TASK DETAILS = In the data below, begin at the line with "Aslında hepimiz çok" and stop after the line with "Redécouvrez le charme"; output those lines exactly and no pictures.

DATA EXTRACTS =
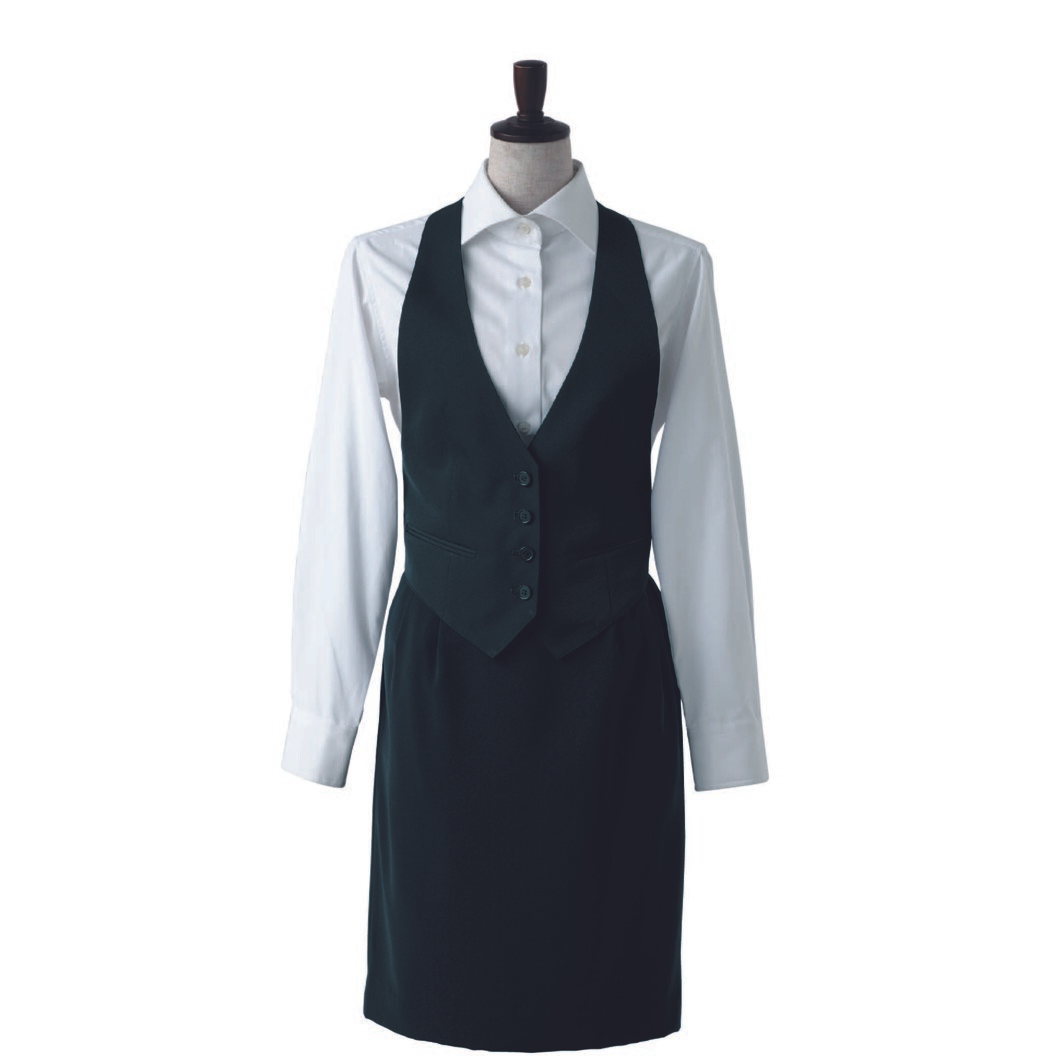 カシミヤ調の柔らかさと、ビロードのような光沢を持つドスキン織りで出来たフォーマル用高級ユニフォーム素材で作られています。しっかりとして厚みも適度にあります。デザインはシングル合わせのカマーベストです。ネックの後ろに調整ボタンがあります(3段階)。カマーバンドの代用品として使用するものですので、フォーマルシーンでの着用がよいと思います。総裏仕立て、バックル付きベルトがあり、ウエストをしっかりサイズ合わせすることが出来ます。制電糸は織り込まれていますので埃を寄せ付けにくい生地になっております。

---

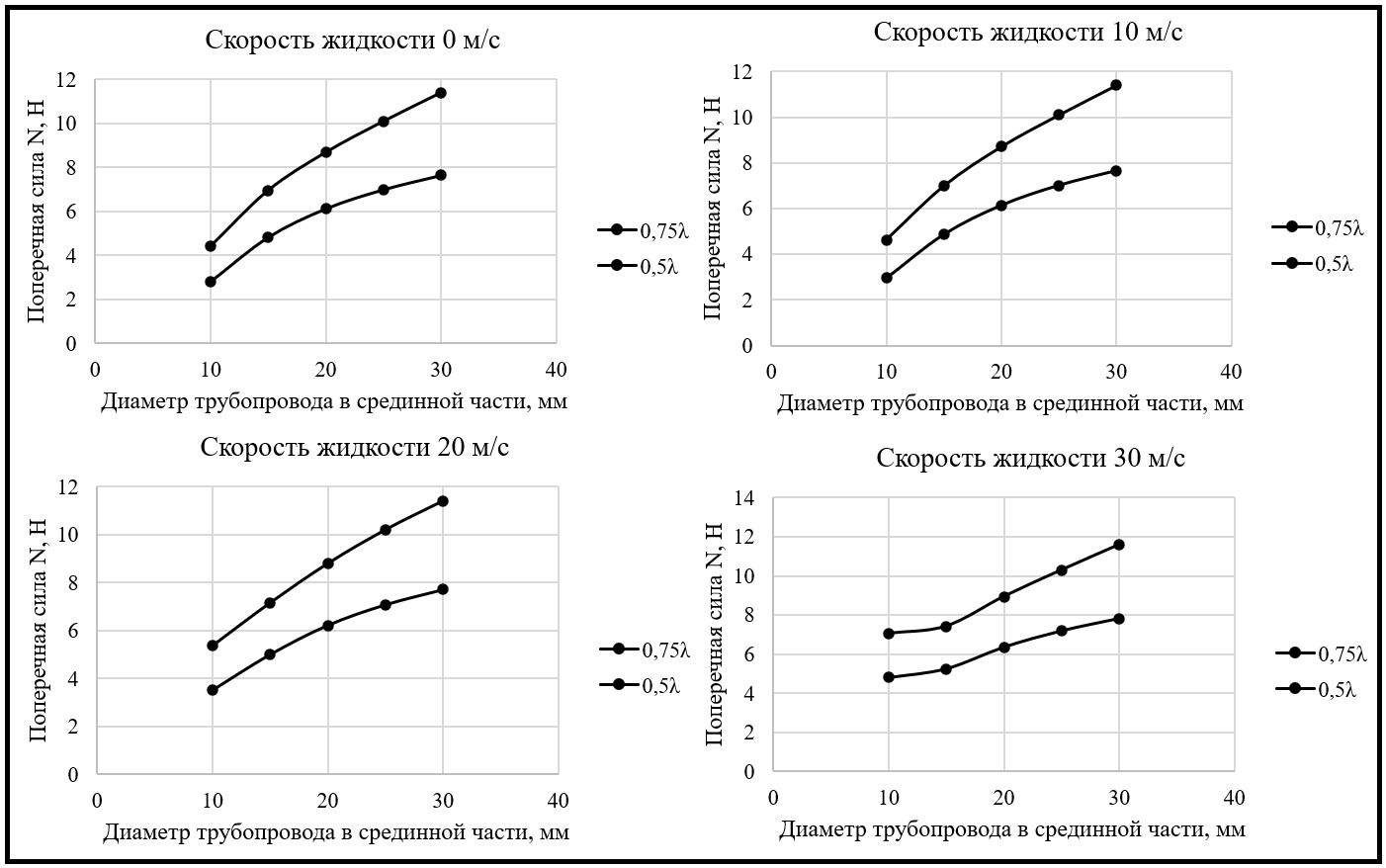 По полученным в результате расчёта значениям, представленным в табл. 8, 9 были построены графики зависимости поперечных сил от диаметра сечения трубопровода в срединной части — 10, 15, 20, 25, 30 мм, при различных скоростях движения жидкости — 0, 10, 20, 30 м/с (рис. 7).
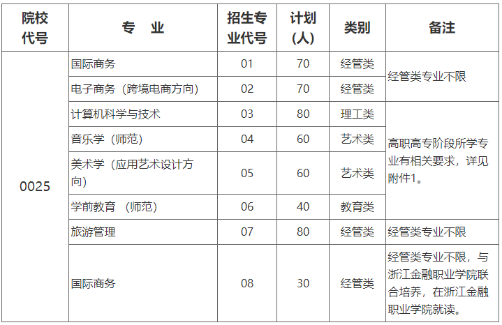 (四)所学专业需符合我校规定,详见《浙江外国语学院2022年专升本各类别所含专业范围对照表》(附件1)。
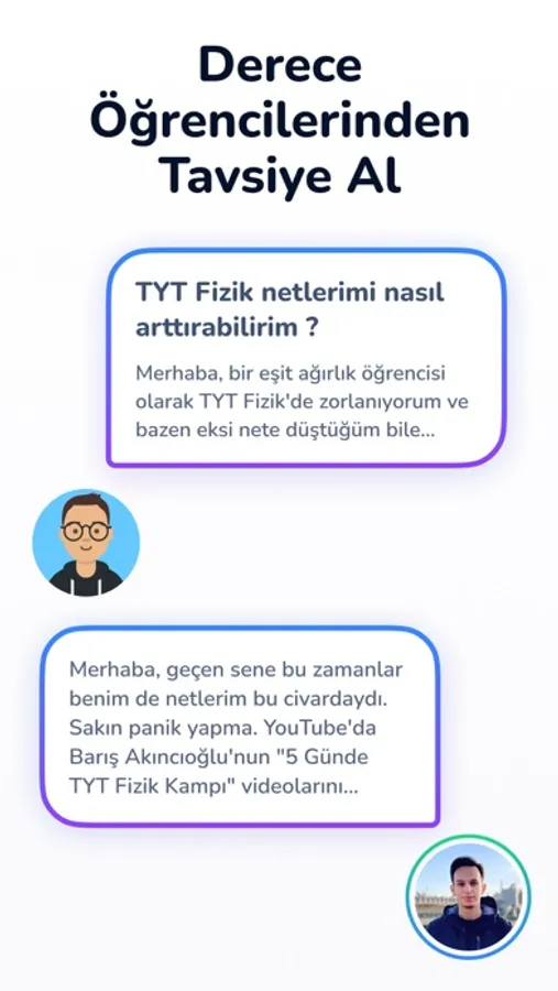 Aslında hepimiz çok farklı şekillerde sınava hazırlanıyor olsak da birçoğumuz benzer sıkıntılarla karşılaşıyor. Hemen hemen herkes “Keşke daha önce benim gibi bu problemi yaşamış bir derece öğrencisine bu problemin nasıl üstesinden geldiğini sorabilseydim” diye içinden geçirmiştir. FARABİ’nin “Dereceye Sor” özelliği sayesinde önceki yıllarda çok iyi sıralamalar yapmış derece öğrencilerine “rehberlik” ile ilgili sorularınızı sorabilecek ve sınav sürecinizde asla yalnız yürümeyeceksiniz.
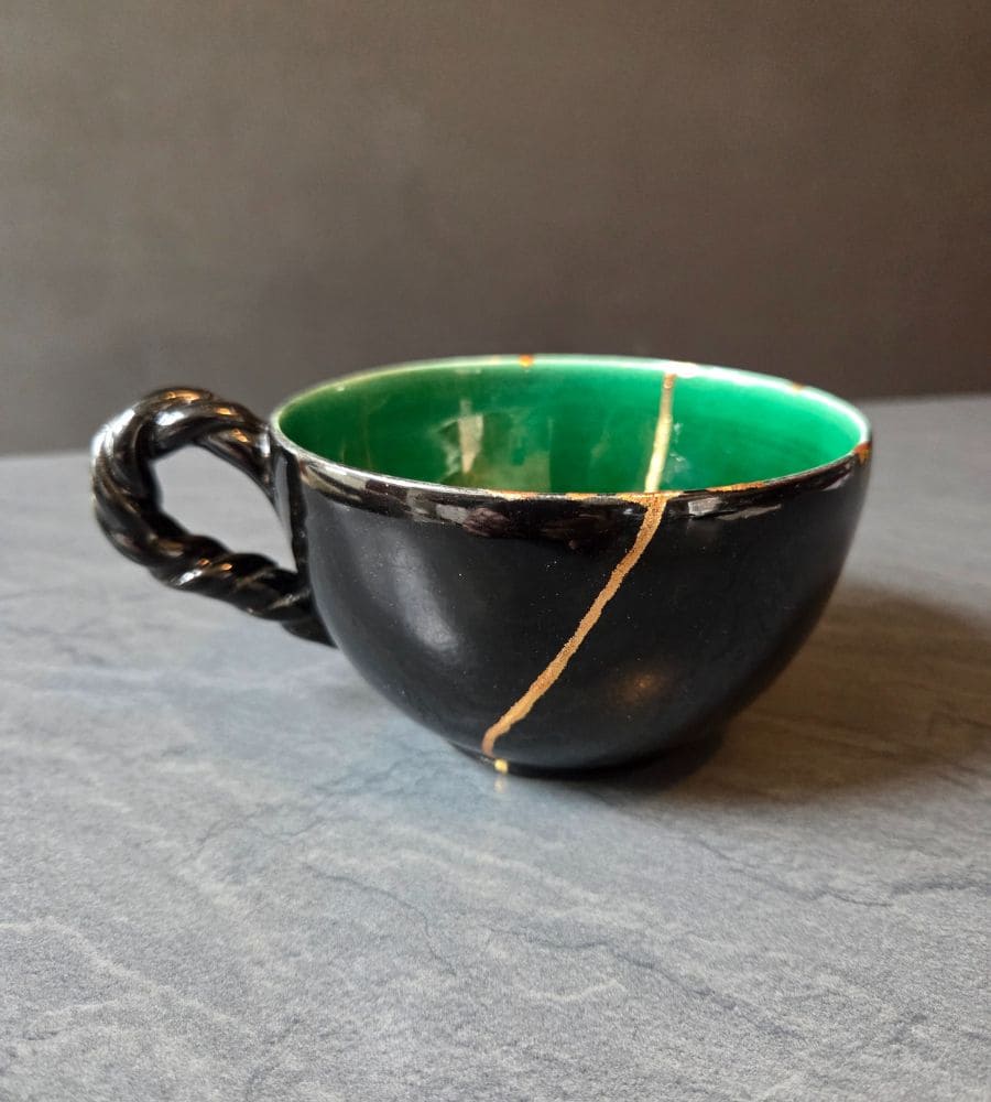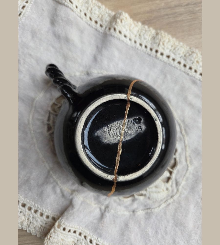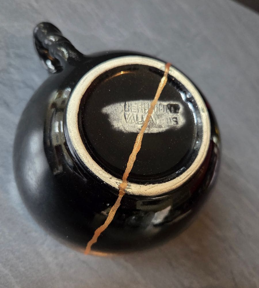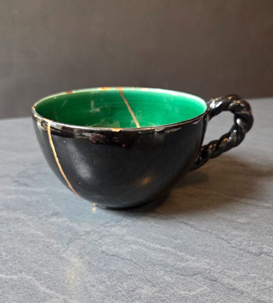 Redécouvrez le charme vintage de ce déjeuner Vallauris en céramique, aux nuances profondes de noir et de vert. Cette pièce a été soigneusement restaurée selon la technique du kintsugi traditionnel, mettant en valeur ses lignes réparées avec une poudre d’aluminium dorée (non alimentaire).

SOLUTION FOR THIS PROBLEM =
 Aslında hepimiz çok farklı şekillerde sınava hazırlanıyor olsak da birçoğumuz benzer sıkıntılarla karşılaşıyor. Hemen hemen herkes “Keşke daha önce benim gibi bu problemi yaşamış bir derece öğrencisine bu problemin nasıl üstesinden geldiğini sorabilseydim” diye içinden geçirmiştir. FARABİ’nin “Dereceye Sor” özelliği sayesinde önceki yıllarda çok iyi sıralamalar yapmış derece öğrencilerine “rehberlik” ile ilgili sorularınızı sorabilecek ve sınav sürecinizde asla yalnız yürümeyeceksiniz.
 Redécouvrez le charme vintage de ce déjeuner Vallauris en céramique, aux nuances profondes de noir et de vert. Cette pièce a été soigneusement restaurée selon la technique du kintsugi traditionnel, mettant en valeur ses lignes réparées avec une poudre d’aluminium dorée (non alimentaire).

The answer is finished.